The Aquino government has earmarked P7.7 billion for reproductive health programs in the 2012 budget, prompting two senators to suggest that there may no longer be any need for Congress to pass the controversial reproductive health (RH) bill.
The amount is included in the proposed 2012 budget for the Department of Health (DOH), which has lined up a number of projects, such as RH services and planned-parenthood programs.
During the hearings on the DOH budget late Wednesday, Senator Franklin Drilon, the finance committee chairman who was defending the DOH budget on the floor, said the P7.7-billion allocation was “interrelated to the RH bill.”
Majority Leader Vicente Sotto III, an opponent of the controversial RH bill, pounced on this.
Sotto asked Drilon if “even without the passage of the RH bill, Filipino women will not be deprived of any reproductive health services… because of the reproductive health program contained in the budget of the Department of Health.”
Drilon answered that the allocation would benefit only “50 percent of the women belonging to the lowest quintile of our economic strata,” which would translate to around 5.2 million households earning less than P6,000 a month per family.
“It is the lack of funds that would dictate that the services be limited to 50 percent,” he said.
Senator Loren Legarda later joined the exchange, asking that “if the resources are available anyway to fund the RH bill, why would we need to enact a bill?”
“If the resources are (at present) inadequate to serve the whole 100 percent (of the poorest women), why do we need to enact a reproductive health bill if it will be an unfunded law?” she said.
She asked why funding resources are not just concentrated on the DOH budget so that all of “the poorest of the poor Filipino women” can be served.
Drilon declined to answer and gave the floor to Sotto, who said Congress should just give the DOH the additional funds.
“We do not need to enact a bill that will make it into a law,” he said.
Senate Bill No. 2865, the upper chamber’s version of the RH measure, is set for plenary deliberations in January.
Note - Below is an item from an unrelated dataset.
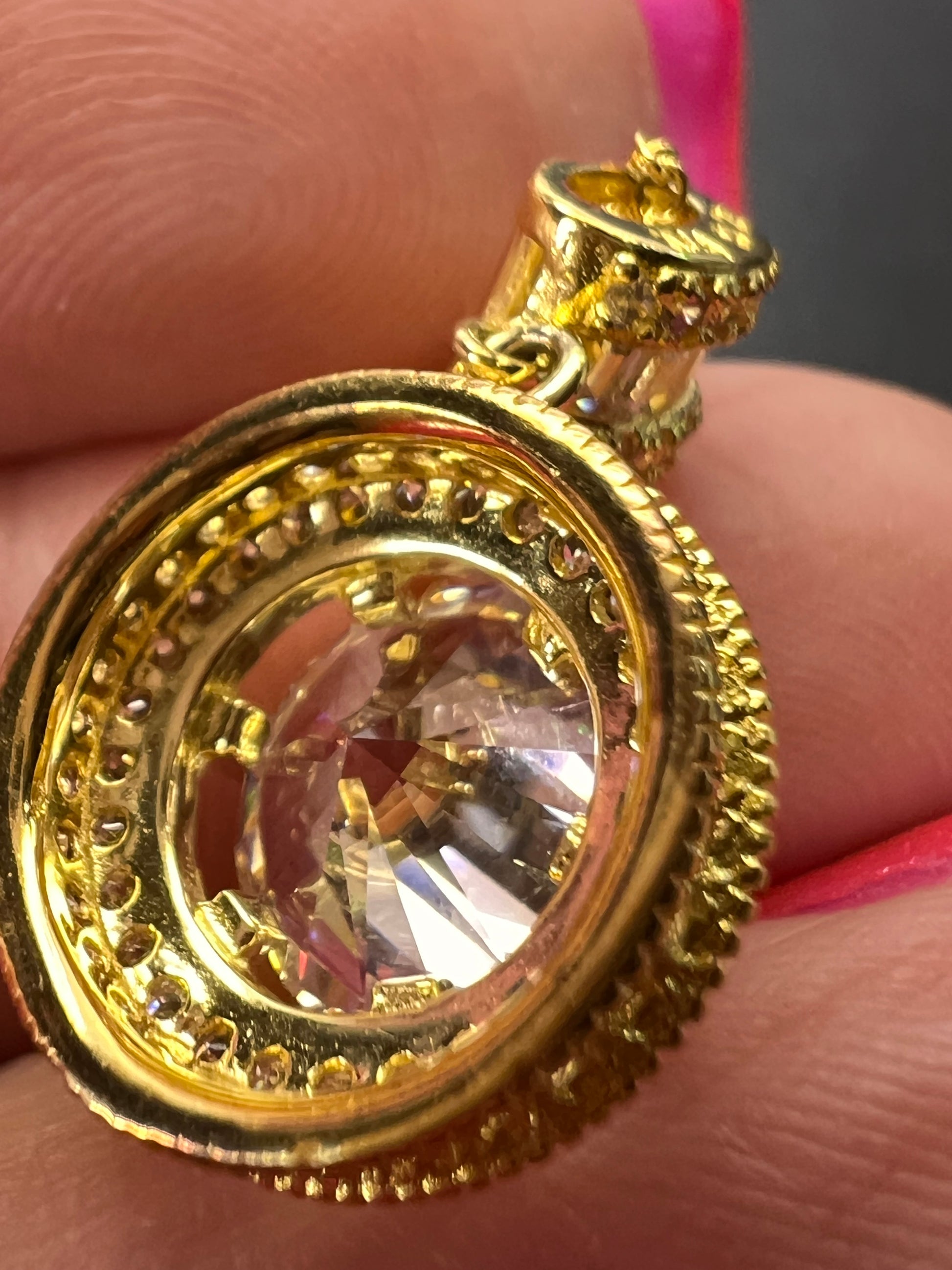 Signed FZN gold over Sterling CZ halo pendant and chain necklace

The Senate opted to concentrate on the passage of the proposed P1.8-trillion national budget for 2012 for the remaining sessions this year.
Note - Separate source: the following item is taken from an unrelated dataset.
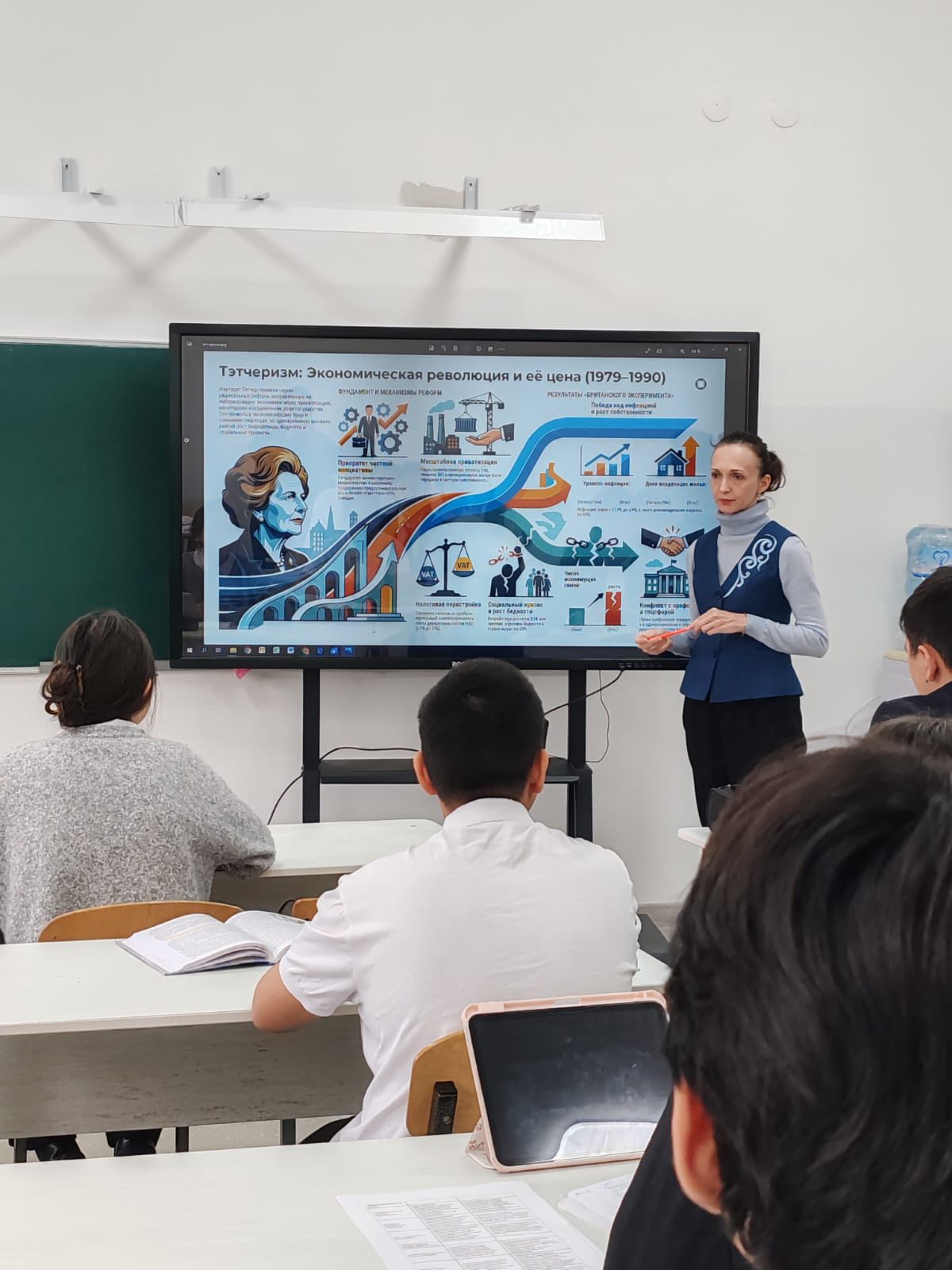 "Тарих және география " апталық аясында  9 «В» сыныбына Петровская А.В   тарих пәнінен «Швед  социализмі» тақырыбындағы ашық сабақ жоғары әдістемелік деңгейде ұйымдастырылды. Сабақтың мақсаты мен міндеттері нақты қойылып, кезең-кезеңімен жүзеге асырылды. Мұғалім Швеция елінің әлеуметтік-экономикалық даму моделін талдау арқылы оқушылардың аналитикалық ойлау, салыстыру және қорытынды жасау дағдыларын дамытуға жағдай жасады.

Included in the proposed RH budget next year is a P300-million allocation for “commodities” under the so-called Maternal Newborn Child Health Nutrition program.
Drilon admitted that the allocation would include “family planning supplies.” Under questioning by Sotto, he said they could include condoms and intrauterine devices, depending on the decision of a particular local government unit, which would receive the funds.
Senate President Juan Ponce Enrile noted that proponents of SB 2865 “want to declare (such contraceptives) by law as essential medicine.”
Sotto also questioned the allocation of P1.7 billion for a vaccination program benefiting senior citizens aged between 60 and 69. He said he would propose during the amendments period that the funding for the vaccination program be undertaken by the Philippine Health Insurance Corp.
The P1.7 billion could then be used for “other important undertakings” such as to fund state colleges and universities, he said.